Located two miles north of the Beltway, Wheaton has three major roads that run through its center: University Boulevard, Georgia Avenue and Veirs Mill Road. The area around Wheaton’s Red Line Metro station experienced very little of the push for a more urban streetscape that turned downtown Silver Spring, two stops south, into one of the county’s most popular neighborhoods in recent years.
Part of that is by design: Having seen downtown Silver Spring populated with the likes of Red Lobster, Fuddruckers and Chik-fil-A, many Wheaton residents do not want to see development that portends an invasion of chain retail stores in their community of independent, if quirky, retailers.

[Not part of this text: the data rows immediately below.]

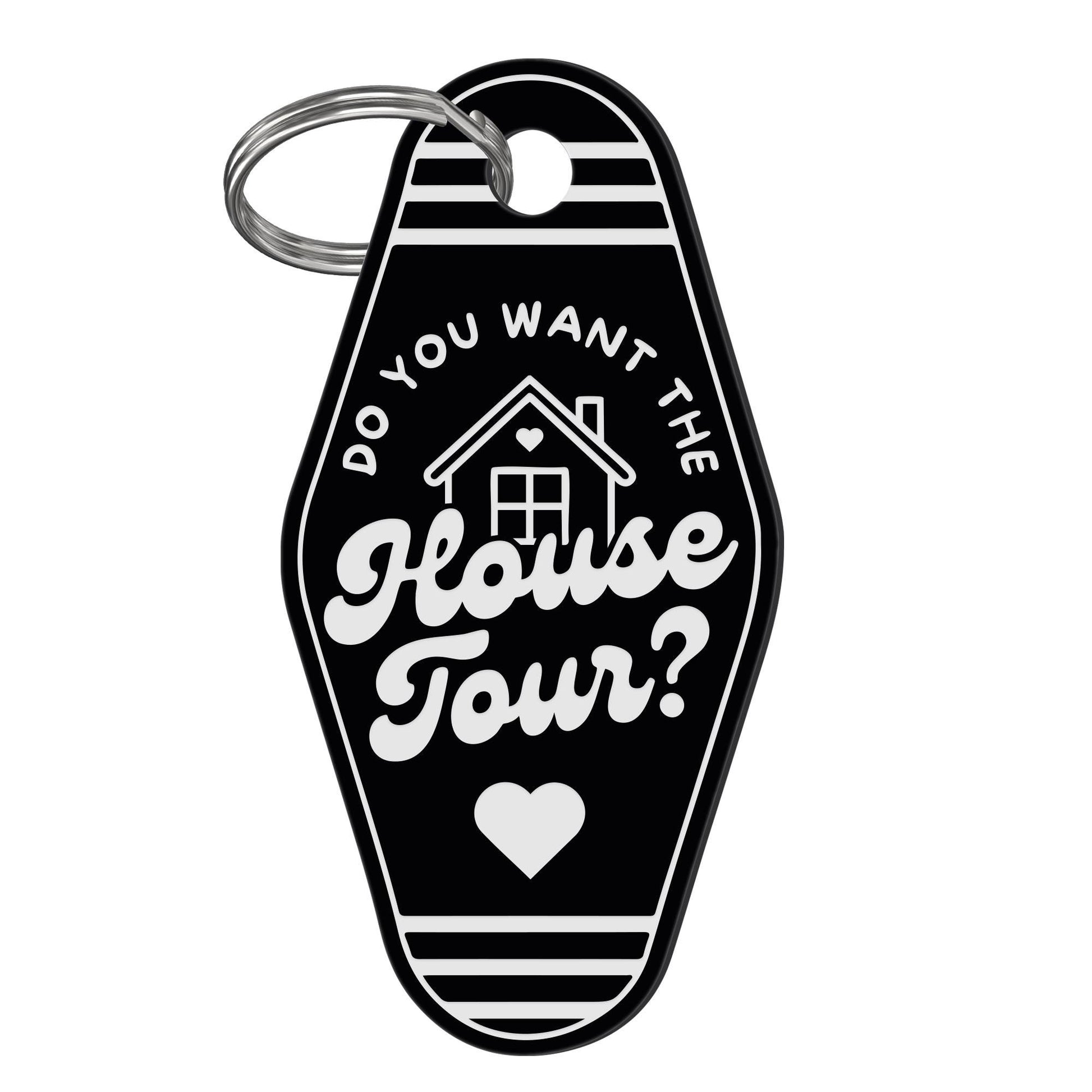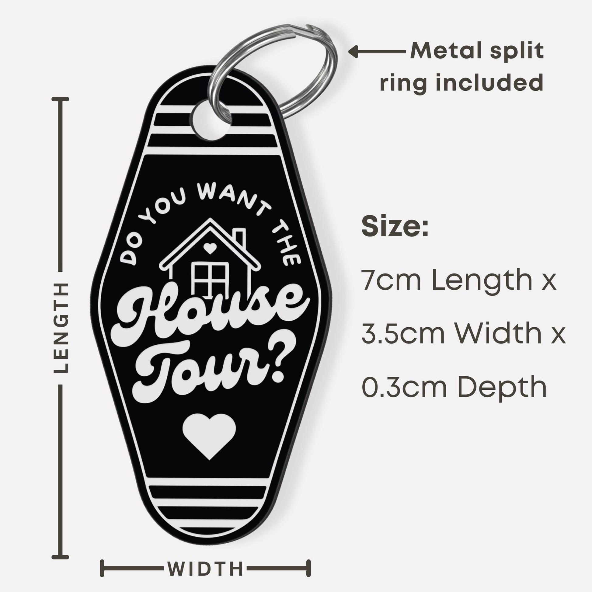 This heart and home design acrylic keyring is a must-have accessory for fans who love cute details. With its retro motel tag shape and playful engraved phrase Do You Want the House Tour?, it’s a charming way to accessorise your keys or bag. Made from durable acrylic and available in a wide choice of colours, this keyring is a stylish, lightweight gift idea for friends, fellow fans, or yourself.
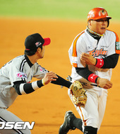 2012.04.19 21: 02김태균,'도루실패, 귀루 중 태그아웃!'
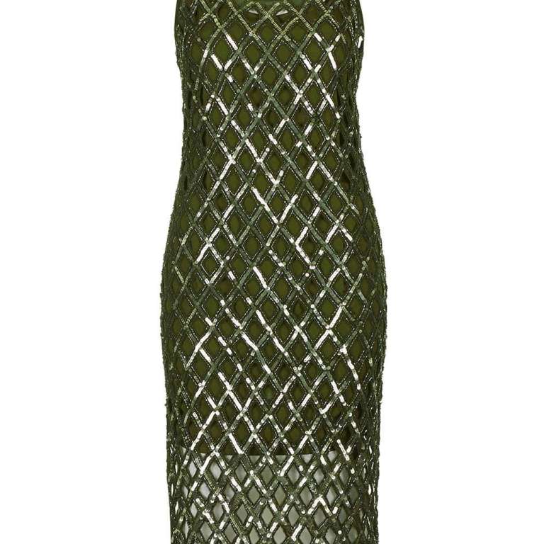 The Shine Off Sequin Dress uplifts crystal detailing at the neck, silver studs and tons of black beading.
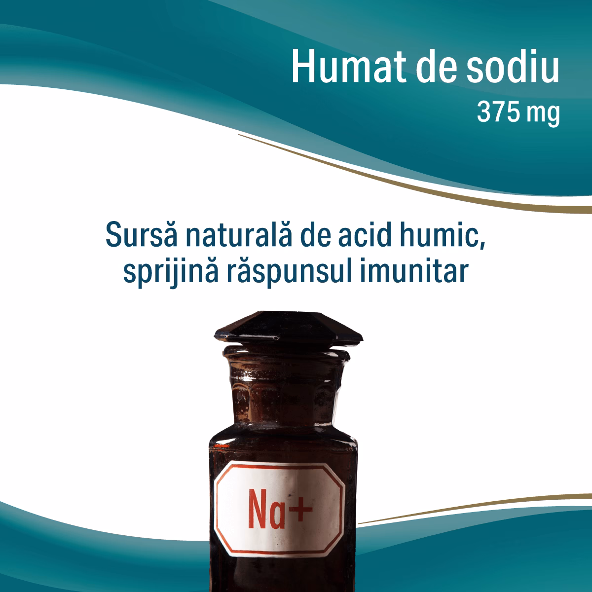 Humatul de sodiu este extras din leonardit natural și este o sursă de acid humic. În prezent, acest ingredient este intens studiat pentru rolul lui în creșterea imunității.

Those concerns were heightened when mammoth retailer Costco announced plans to open a store in the area’s largest shopping destination, the Westfield Wheaton Plaza Mall on Veirs Mill Road. An H&M clothing store opened at Westfield in 2011, and a Dick’s Sporting Goods will open in October.
“We’ve got a lot of ethnic businesses in Silver Spring but not to the same degree as in Wheaton,” said Rollin Stanley, Montgomery County’s planning director. When he visited a Wheaton laundromat recently, Stanley said he heard more languages than he could identify. He said he wants to make sure that the area’s longtime small-business owners won’t be shut out as bigger projects begin sprouting near Wheaton’s Metro station.
“You’re seeing it — within a few years [development] will move several stops up the line” in Wheaton, he said. “And it is happening in a very positive way.”
The median price for homes sold in Wheaton in 2011 was $284,988, much lower than in nearby Rockville and Bethesda, according to Metropolitan Regional Information Systems. Detached, rambler-style homes are common in many of the area’s neighborhoods, with some bigger, more expensive homes prevalent in the western end, near Kensington and North Bethesda.
There are few condominiums in Wheaton, but apartments have begun to spring up close enough to Metro that they could enable a car-free lifestyle. One of the newest examples is the MetroPointe Apartments at 11175 Georgia Ave. Featuring funky, colorful facades, they are steps from the Metro station.
Wheaton was also home to one of the region’s oldest Safeway stores, but that is being replaced and upgraded, accompanied by new apartments. Last November, construction crews began to demolish the outdated facility and are building a 58,000-square-foot store expected to open in late 2013. Unlike the old store, the new Safeway will feature a bakery and a delicatessen and an array of prepared foods. It will also have 17 stories of apartments, 486 in all, on top.